ACTIVITY: Go through the listing below and retype exactly the lines starting at the one with "第二屆人工智能、數(shù)" and ending at the one with "Asset name, cycle", skipping pictures.

SOURCE MATERIAL:
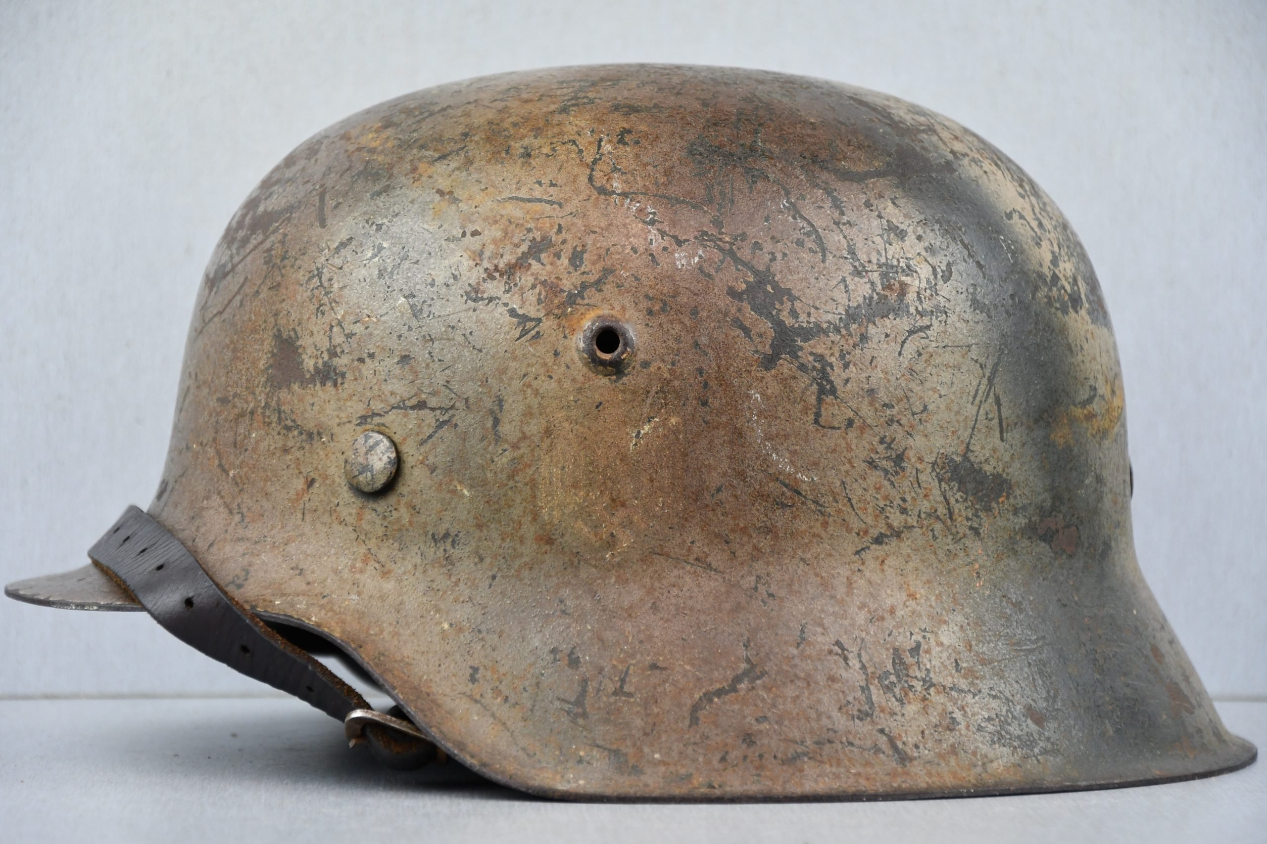 From my personal collection: A very attractive and original M42 German steel helmet, factory produced by HKP in size 64, with lot number 2729 stamped in the rear skirt. This example left the factory as a single decal helmet, which is consistent with the database for this lot number. The helmet was later camouflaged during wartime in a striking three-tone pattern, consisting of a beige base layer with green and red-brown striping, often referred to by collectors as the 'Normandy pattern.' The eagmle decal remains clearly visible under the paint.The helmet shows honest field wear, with scratches and natural aging to the camouflage paint, but the overall appearance remains very appealing and untouched. It retains its original liner with untouched and straight split pins, confirming that the liner has never been removed. The liner is a typical war time pigskin example, still complete with its original drawstring. The leather has a darker brown tone, likely due to oiling or greasing, a practice sometimes used by collectors to preserve the material.The helmet is complete with its original chinstrap dated 1943, although the buckle strap appears to be a replacement while the strap itself remains original. The liner band is dated 1940 and sized 56/57, matching the shell size of 64. Sourced from the United States and originating from a personal collection, this is a top-tier and highly desirable camouflage helmet in very nice condition, offering strong display value and collector appeal.
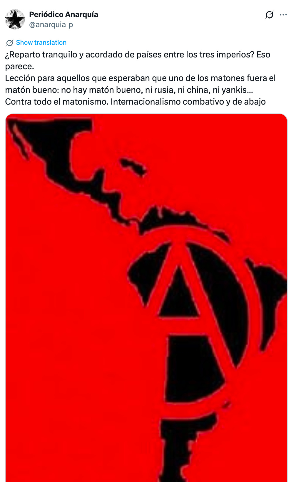 企业媒体正扮演着其经典的"忠诚反对派"角色,一方面质疑行动的合法性,另一方面妖魔化马杜罗并神化其右翼对手玛丽亚·科里娜·马查多。对于无政府主义者及其他反帝力量而言,必须将针对委内瑞拉的攻击置于更广阔的背景中审视,思考何为有效的抗争形式,并明确我们应如何采取行动予以回应。
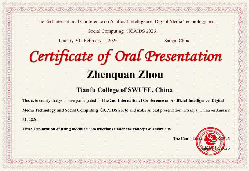 第二屆人工智能、數(shù)字媒體技術(shù)與社會計算國際學(xué)術(shù)會議(ICAIDS 2026)于1月30日在中國海南三亞順利召開。本次大會由美國克萊姆森大學(xué)主辦、紐約市立大學(xué)進行學(xué)術(shù)支持,旨在探索人工智能、數(shù)字媒體與社會計算領(lǐng)域的最新進展和前沿技術(shù)。工程與材料學(xué)院教師周楨佺博士受邀參會并完成了《智慧城市理念下模塊化建筑項目的開發(fā)探索》學(xué)術(shù)口頭報告,受到了業(yè)內(nèi)學(xué)者和專家的高度肯定。
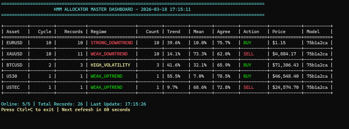 Asset name, cycle count, database records, most common regime, how many times that regime occurred, current action (BUY/SELL/HOLD), latest price, and production model ID for each running instance.
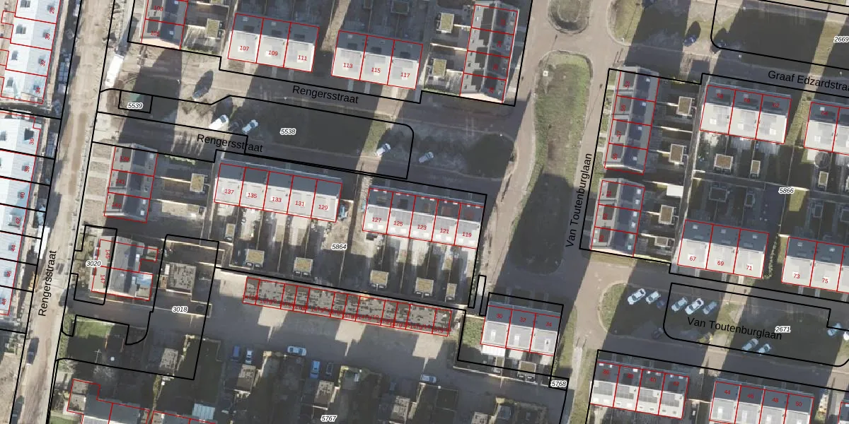 Het perceel waarop Rengersstraat 123 staat heeft een oppervlakte van 3018 m². Dit is een zeer groot perceel. De perceeloppervlakte wordt geregistreerd door het Kadaster. Gedetailleerde informatie over de maten van dit perceel kunt u vinden in het rapport Kadastrale kaart met maatvoering van Rengersstraat 123.

RESULT BELOW:
 第二屆人工智能、數(shù)字媒體技術(shù)與社會計算國際學(xué)術(shù)會議(ICAIDS 2026)于1月30日在中國海南三亞順利召開。本次大會由美國克萊姆森大學(xué)主辦、紐約市立大學(xué)進行學(xué)術(shù)支持,旨在探索人工智能、數(shù)字媒體與社會計算領(lǐng)域的最新進展和前沿技術(shù)。工程與材料學(xué)院教師周楨佺博士受邀參會并完成了《智慧城市理念下模塊化建筑項目的開發(fā)探索》學(xué)術(shù)口頭報告,受到了業(yè)內(nèi)學(xué)者和專家的高度肯定。
 Asset name, cycle count, database records, most common regime, how many times that regime occurred, current action (BUY/SELL/HOLD), latest price, and production model ID for each running instance.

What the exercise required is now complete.